Oui, nous commençons dans cette fourchette. Notre stratégie est de démarrer avec quelques annonceurs et de travailler avec eux pour affiner le modèle. Nous voulons avant tout leur permettre d'avoir le meilleur retour sur investissement possible, et que les utilisateurs voient la valeur des publicités.

Vos utilisateurs sont en majorité des femmes. Considérez-vous que c'est un atout ou voulez-vous changer cette image ?

Plus les utilisateurs sont nombreux, plus les intérêts représentés sont nombreux et meilleurs nous sommes pour vous montrer des produits pertinents pour vous. Si Pinterest n'était que pour les femmes, nous passerions à côté de nombreux intérêts... Nous voulons nous adresser à tout le monde.

En janvier, Pinterest a racheté une start-up de reconnaissance visuelle, Visual Search. Comment allez-vous utiliser sa technologie ?

Nous n'avons pas encore annoncé quel type de technologie sera intégrée, mais Pinterest est bien sûr un service visuel et l'équipe de Visual Graph est extrêmement douée dans ce secteur, donc nous avons pensé qu'il était naturel de les intégrer à notre équipe pour qu'ils développent de nouvelles technologies en ce sens. Les données de Pinterest leur permettent de faire évoluer et d'améliorer leur technologie. C'est un nouvel outil pour nous aider à recommander des Pins pertinents et recommandés, en se basant sur la similarité des visuels.

Quels sont les prochains pays dans lesquels vous souhaitez lancer Pinterest ?

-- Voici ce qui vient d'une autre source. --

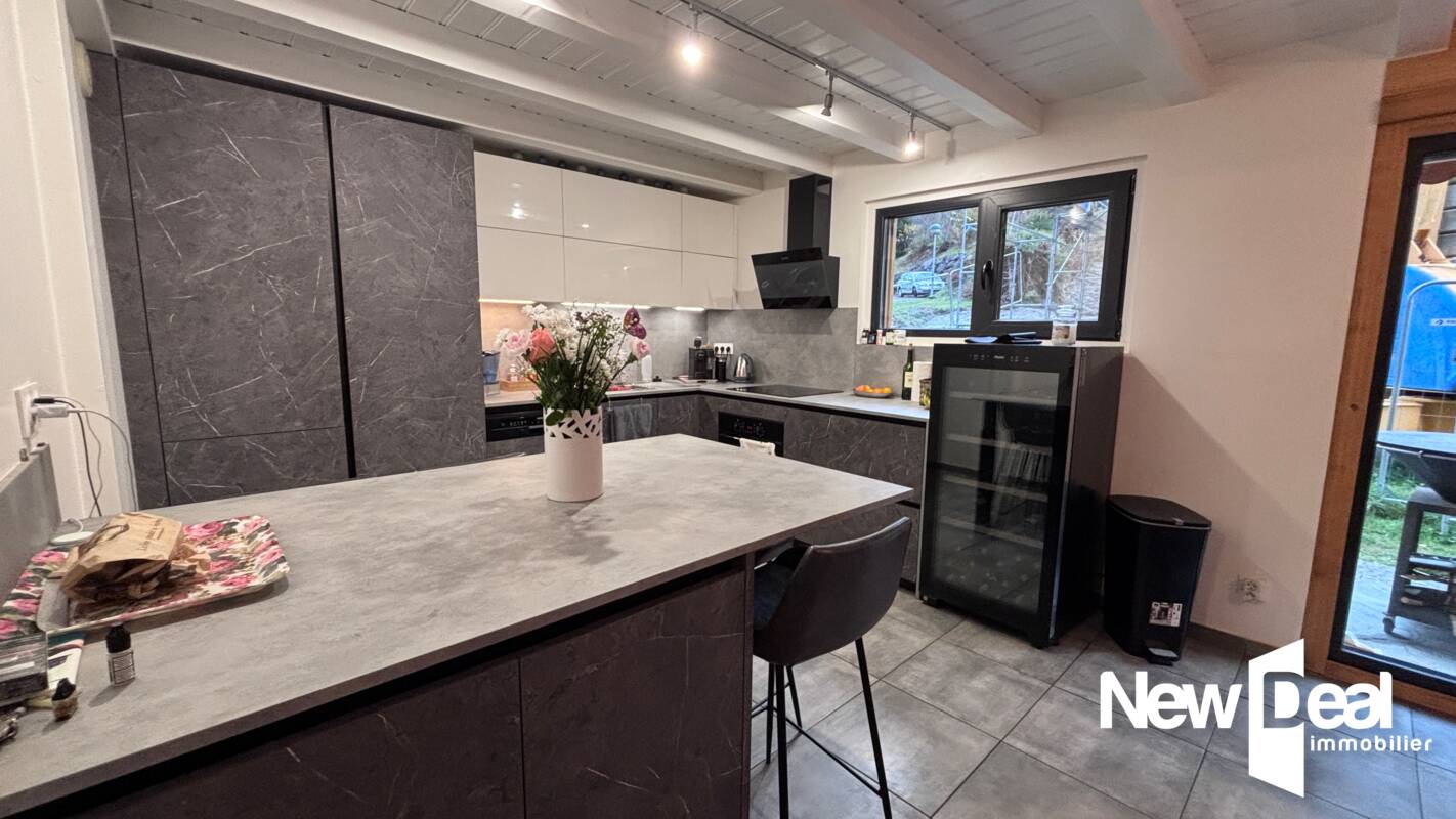 LC5272 CHAMONIX MONT-BLANC – Superbe chalet contemporain de 129 m² habitables (152 m² surface totale) idéalement situé dans le secteur très prisé des Gaillands. 4 chambres, 2 salles de douche, vaste séjour avec cuisine ouverte donnant sur terrasse et jardin exposés plein sud, offrant une vue imprenable sur le Massif du Mont‑Blanc. À deux pas du mur d’escalade des Gaillands, du lac et à proximité immédiate de la gare SNCF et des bus. Garage, buanderie, mezzanine et nombreuses places de parking extérieures. Calme et emplacement d’exception. Espace de vie lumineux : cuisine ouverte, salle à manger et séjour s’ouvrant sur la terrasse et le jardin exposés plein sud, face au Mont‑Blanc. Emplacement privilégié pour les activités de montagne (escalade, départ des randonnées et lac à proximité) et excellente desserte ferroviaire et bus. On distingue un chauffage au sol au RDC ainsi qu’un poêle à granules. COUP DE COEUR! Monsieur Laurent CAILLET, agent commercial, mandataire NEW DEAL IMMOBILIER – Carte professionnelle N° : CPI 7401 2018 000 032 720 – CCI d’ANNECY. Garantie financière : GALIAN, 89 rue de la Boétie – 75008 Paris pour un montant de 120.000 €. Activité exercée sans maniement de fonds RSAC d’Annecy : 443 480 553 – Adresse consultant : 78, chemin des bios 74000 CHAMONIX Mont-Blanc Téléphone : 0661972277 / E-mail : l.caillet@newdealimmobilier.fr Site internet : https://www.newdealimmobilier.fr/agent/vallee-chamonix-mont-blanc-74400 Les informations sur les risques auxquels ce bien est exposé sont disponibles sur le site Géorisques : www.georisques.gouv.fr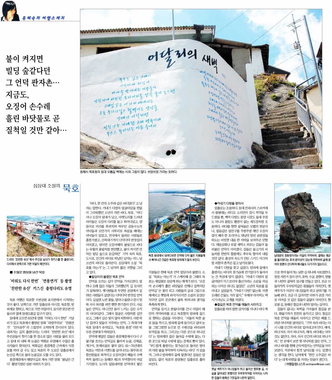 제목 동해 묵호여행[영남일보에 개재된 류혜숙의 여행스케치] 등록일 11.04.30 조회 1,700

Je viens de visiter Berlin, et nous envisageons d'y installer une équipe. Nous nous intéressons aussi au Brésil, à l'Argentine... Nous sélectionnons les pays sur deux critères : la maturité de leur marché Internet, d'abord. Mais nous devons aussi trouver un très, très bon country manager, talentueux et passionné par Pinterest. Il faut aussi évaluer les différences culturelles et les besoins des utilisateurs du pays, pour bâtir un produit qui répond à leurs attentes.

Ben Silbermann a grandi dans l'Iowa et a passé une bonne partie de son enfance à collectionner des insectes. Avant de créer Pinterest, en 2010, Ben Silbermann a travaillé chez Google au sein des équipes AdSense et étudié à Yale. Il vit à Palo Alto avec sa femme et son fils.